Home » Php » php – What do the symbols mean in preg_match?

php – What do the symbols mean in preg_match?

Posted by: admin July 12, 2020 Leave a comment

Questions:

I have this expression in a code snippet i borrowed offline. It forces the new users to have a password that not only requires upper+lower+numbers but they must be in that order! If i enter lower+upper+numbers, it fails!

if (preg_match("/^.*(?=.{4,})(?=.*[0-9])(?=.*[a-z])(?=.*[A-Z]).*$/", $pw_clean, $matches)) {

Ive searched online but can’t find a resource that tells me what some characters mean. I can see that the pattern is preg_match(“/some expression/”,yourstring,your match).

What do these mean:

1.  ^          -  ???
2.  .*         -  ???
3.  (?=.{4,})  -  requires 4 characters minimum
4.  (?.*[0-9]) -  requires it to have numbers
5.  (?=.*[a-z])-  requires it to have lowercase
6.  (?=.*[A-Z])-  requires it to have uppercase
7.  .*$        -  ???
How to&Answers:

Here are the direct answers. I kept them short because they won’t make sense without an understanding of regex. That understanding is best gained at regular-expressions.info.
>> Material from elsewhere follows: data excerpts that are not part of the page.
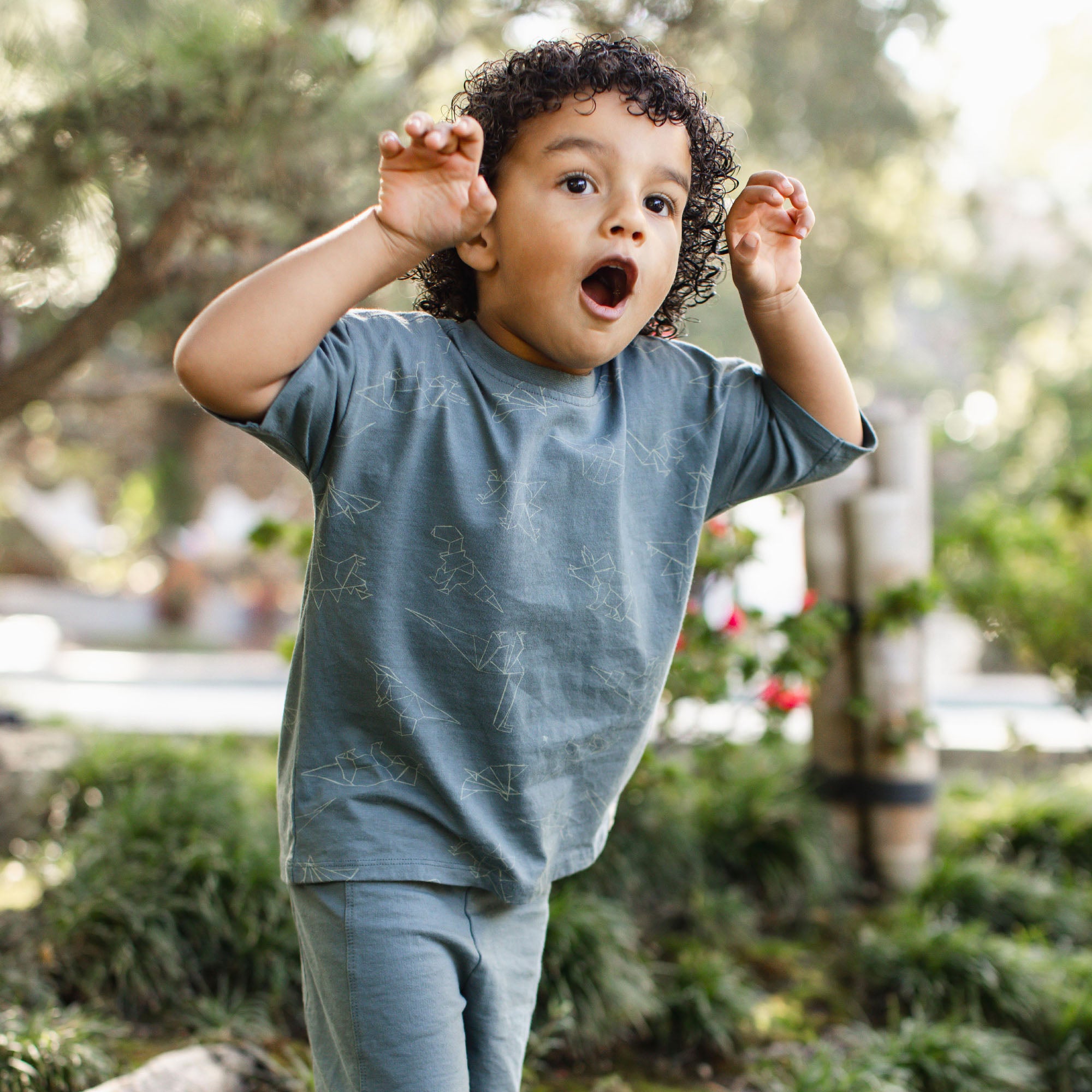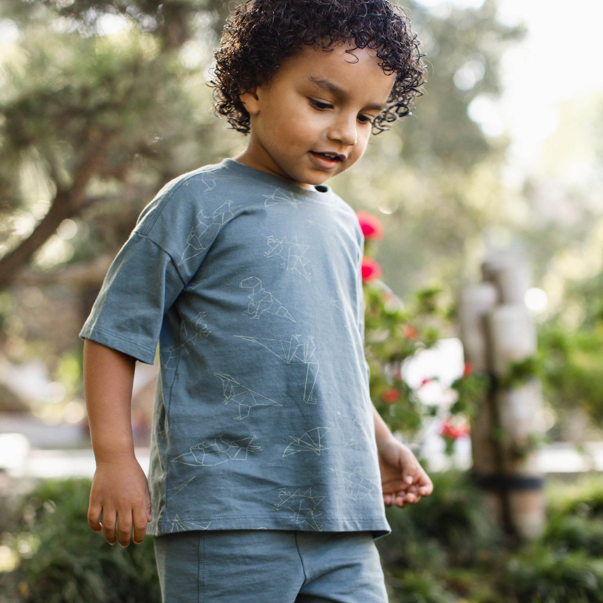 Dinosaurs. origami. and soft cotton combine in this comfy shorts and tee set — perfect for everyday adventures your little one will love.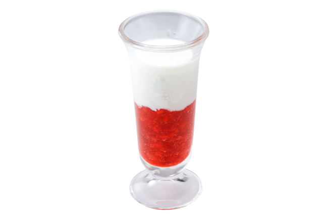 フレッシュな完熟イチゴを原料に、果肉のつぶつぶ食感を残したイチゴソースを使用。牛乳はイチゴソースとの相性を考え、生クリームを加えたオリジナルです。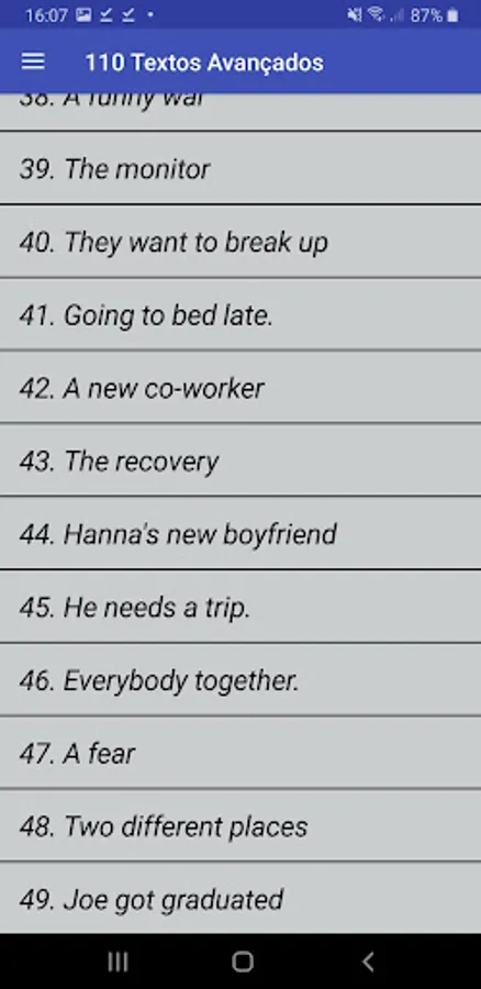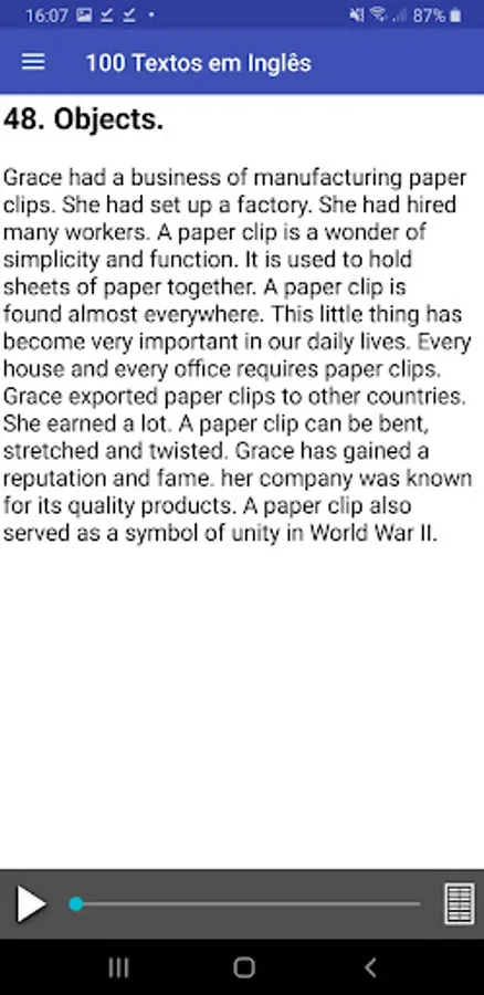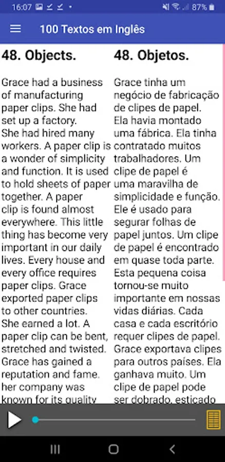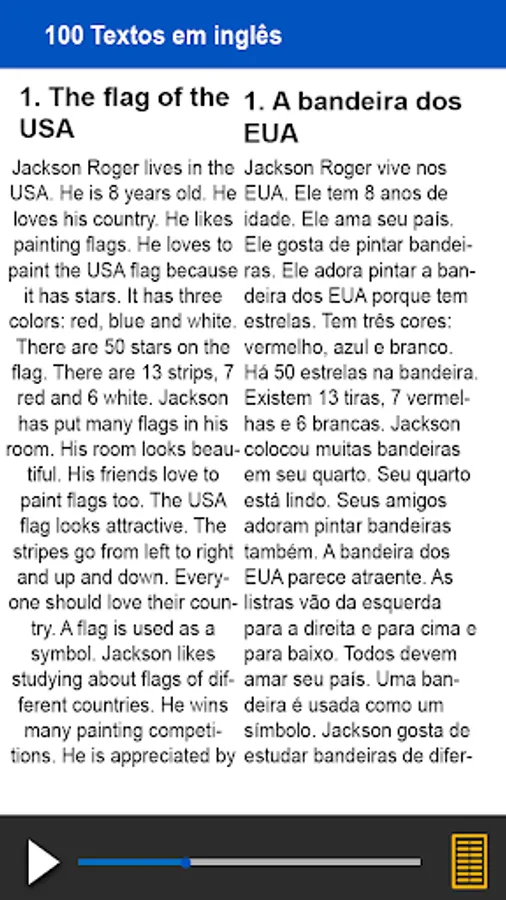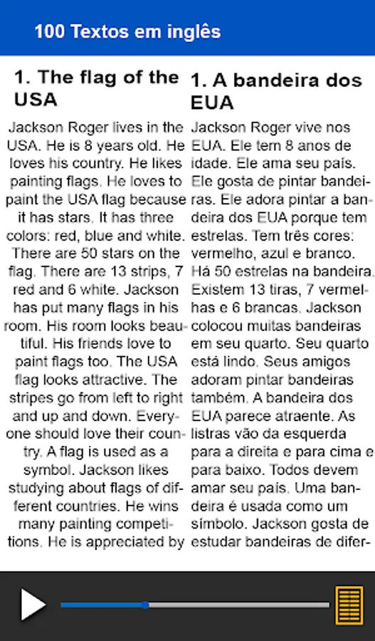 This application came to facilitate the study of those who learn English through texts. Without a doubt, learning English through texts is the best way to learn a language. Therefore, this application brings several texts in English with audio and translation, covering unusual stories that will increase your English vocabulary considerably.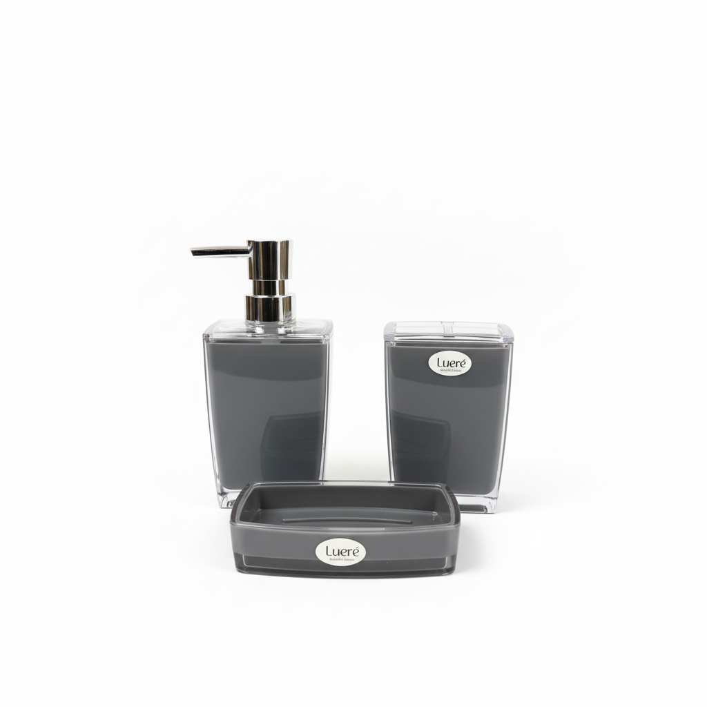 Set modern aksesorësh banjo Lueré në ngjyrë gri me dizajn drejtkëndor dhe mure të jashtme transparente, i përshtatshëm për lavaman ose sipërfaqe banjoje.
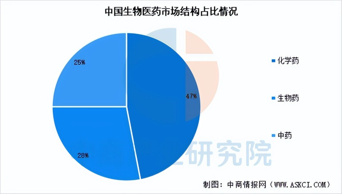 中国生物医药市场中,化学药占据主导地位,市场占比约为47%,主要得益于仿制药的规模效应和带量采购政策的推动;生物药作为增长最快的领域,占比约为28%,在单克隆抗体、疫苗、基因治疗等创新领域表现突出;中药在政策支持和健康消费升级的背景下,市场份额保持稳定,占比约为25%,其现代化和国际化进程正在加快。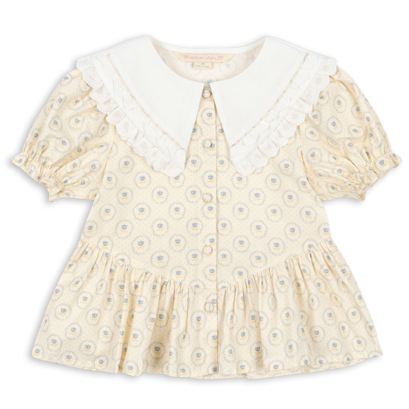 Sommerlig bluse i økologisk bomull med blondkrage og puffermer.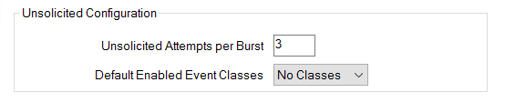 Use the combo box to specify the event classes that are enabled for unsolicited event generation by default (for example when the outstation restarts). This option is primarily used for compatibility with older DNP3 controlling stations.

I advise you to also try out the regex helper tools listed there, they allow you to experiment – see live capturing/matching as you edit the pattern, very helpful.


1: The caret ^ is an anchor, it means “the start of the haystack/string/line”.

  • If a caret is the first symbol inside a character class [], it has a different meaning: It negates the class. (So in [^ab] the caret makes that class match anything which is not ab)

2: The dot . and the asterisk * serve two separate purposes:

  • The dot matches any single character except newline \n.
  • The asterisk says “allow zero or many of the preceeding type”.

When these two are combined as .* it basically reads “zero or more of anything until a newline or another rule comes into effect”.

7: The dollar $ is also an anchor like the caret, with the opposite function: “the end of the haystack”.


Edit:

Simple parentheses ( ) around something makes it a group. Here you have (?=) which is an assertion, specifically a positive look ahead assertion. All it does is check whether what’s inside actually exists forward from the current cursor position in the haystack. Still with me?
Example: foo(?=bar) matches foo only if followed by bar. bar is never matched, only foo is returned.

With this in mind, let’s dissect your regex:

/^.*(?=.{4,})(?=.*[0-9])(?=.*[a-z])(?=.*[A-Z]).*$/

Reads as:
        ^.* From Start, capture 0-many of any character
  (?=.{4,}) if there are at least 4 of anything following this
(?=.*[0-9]) if there is: 0-many of any, ending with an integer following
(?=.*[a-z]) if there is: 0-many of any, ending with a lowercase letter following
(?=.*[A-Z]) if there is: 0-many of any, ending with an uppercase letter following
        .*$ 0-many of anything preceding the End

You say the order of password characters matter – it doesn’t in my tests. See test script below. Hope this cleared up a thing or two. If you are looking for another regex which is a bit more forgiving, see regex password validation

<pre>
<?php
// Only the last 3 fail, as they should. You claim the first does not work?
$subjects = array("aaB1", "Baa1", "1Baa", "1aaB", "aa1B", "aa11", "aaBB", "aB1");

foreach($subjects as $s)
{
    $res = preg_match("/^.*(?=.{4,})(?=.*[0-9])(?=.*[a-z])(?=.*[A-Z]).*$/", $s, $matches);
    echo "result: ";
    print_r($res);

    echo "<br>";
    print_r($matches);
    echo "<hr>";
}

Excellent online tool for checking and testing Regular Expressions:
https://regex101.com/

Answer:

If you don’t know this site, you should go there immediately.

This is like the bible of regular expressions.

Regular-expressions.info

Answer:

To use regular expressions first you need to learn the syntax. This syntax consists in a series of letters, numbers, dots, hyphens and special signs, which we can group together using different parentheses.

Look at this link Getting Started with PHP Regular Expressions. An easy way to learn regular expressions.